Do we know if all simple extensions of the field of rational numbers by transcendental numbers are not equal?

Question

I understand that $\mathbb{Q}(x) \cong \mathbb{Q}(u)$ for all transcendental $u$, where $\mathbb{Q}(x)$ is the field of rational forms over $\mathbb{Q}$ and thus that all simple extensions of the rational numbers by transcendental ones are isomorphic to one another, but is it true, proven, that these extensions are not all $equal$ to each other?

I understand that that would be an incredible thing to prove, and could simplify many problems in transcendental number theory if true, so is it possible for it to be? $Could$ these extensions all equal each other? Or is that, easily or otherwise, proven to be an impossible task? I recall that transcendental numbers are uncountable, whereas I would assume that $\mathbb{Q}(x)$ is, though I have not enough knowledge of set theory to settle that in my mind.

Answer 1

This is not possible.
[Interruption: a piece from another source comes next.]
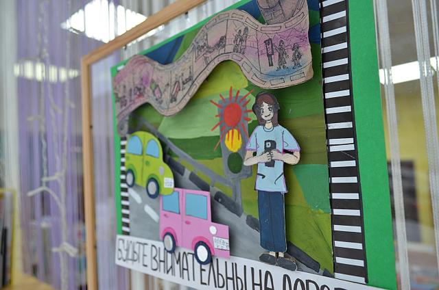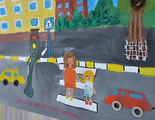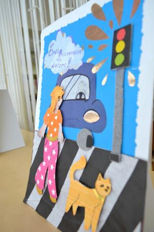 Иллюстративную часть экспозиции представляют работы учащихся детской художественной школы «Модерн» – тематические открытки о безопасности дорожного движения.
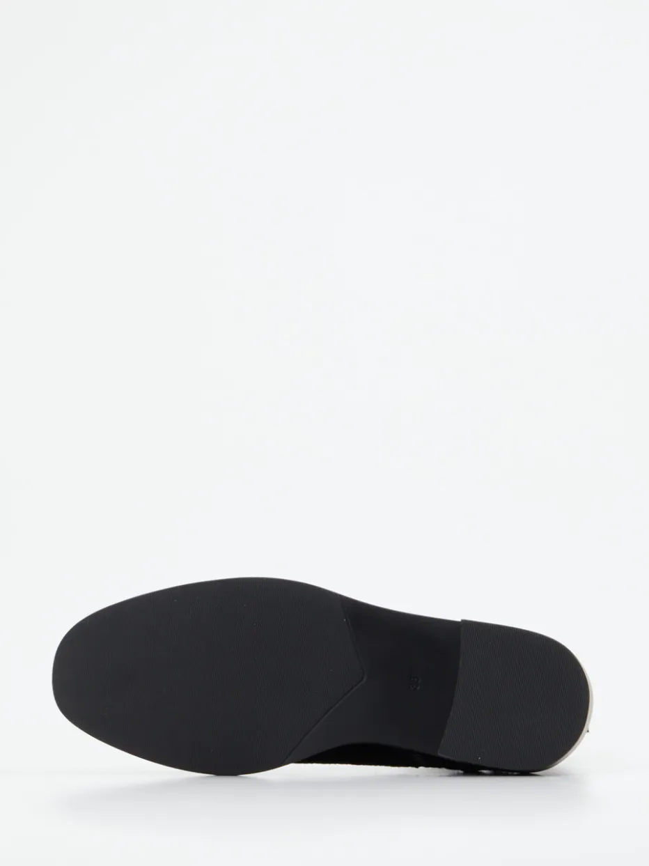 Glamour trifft Minimalismus.Regarde Le Ciel interpretiert die klassische Schnürstiefelette neu. Für alle, die Komfort und trendige Akzente im Alltag vereinen möchten, bietet dieses Modell ein samtiges Finish aus schwarzem Veloursleder. Dezente Strassdetails an Ferse und Schaft setzen schimmernde Highlights, während die schmale, knöchelhohe Silhouette mit Schnürung und Innenreißverschluss überzeugt. Eine schwarze Gummisohle mit Blockabsatz sorgt für angenehme Laufhöhe und Alltagstauglichkeit. Inspiriert vom Quiet-Luxury-Trend lässt sich der Look vielseitig in urbane Garderoben integrieren – ideal zu Strickkleidern oder monochromen Outfits. Stilvolle Verarbeitung und dezente Glitzerwirkung prägen die Handschrift von Regarde Le Ciel.

If it were possible then $\mathbb{R}$ would be a vector space of countable dimension over the algebraic closure of $\mathbb{Q}$, which is not possible because the algebraic closure of $\mathbb{Q}$ is countable.

Answer 2

Explicitly, $\mathbb Q(\pi)\ne\mathbb Q(\pi^2)$ as $\pi\notin\mathbb Q(\pi^2)$. The latter follows because $\pi=\frac{p(\pi^2)}{q(\pi^2)}$ would lead to the nontrivial polynomial equation $p(\pi^2)-\pi q(\pi^2)=0$.

Answer 3

There is a criterion under which $\mathbb Q(u) = \mathbb Q(v)$; it's just algebraic in nature, which makes it difficult to determine for analytically defined objects such as $\pi$ and $e$.
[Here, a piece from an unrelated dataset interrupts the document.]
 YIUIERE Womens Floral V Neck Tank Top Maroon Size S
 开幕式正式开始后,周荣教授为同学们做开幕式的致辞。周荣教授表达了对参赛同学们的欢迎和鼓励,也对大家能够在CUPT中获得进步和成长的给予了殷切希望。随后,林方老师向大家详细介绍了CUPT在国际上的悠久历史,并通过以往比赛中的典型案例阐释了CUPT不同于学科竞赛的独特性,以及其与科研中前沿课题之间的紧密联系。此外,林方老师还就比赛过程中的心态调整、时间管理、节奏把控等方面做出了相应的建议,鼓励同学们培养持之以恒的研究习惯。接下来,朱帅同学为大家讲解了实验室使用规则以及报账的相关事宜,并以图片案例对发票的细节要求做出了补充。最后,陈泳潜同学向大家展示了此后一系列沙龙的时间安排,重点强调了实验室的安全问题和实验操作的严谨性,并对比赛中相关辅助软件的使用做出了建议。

First of all, in order for the two to be equal, they must be contained in each other, which means each generator must be in the other set; specifically, let's say we write $v \in \mathbb Q(u)$, so that $v = p(u)/q(u)$ for polynomials $p$ and $q$ with no common factors.

Then $\mathbb Q(u) = \mathbb Q(v)$ if and only if $p$ and $q$ are both at most degree $1$, with at least one of them nonconstant.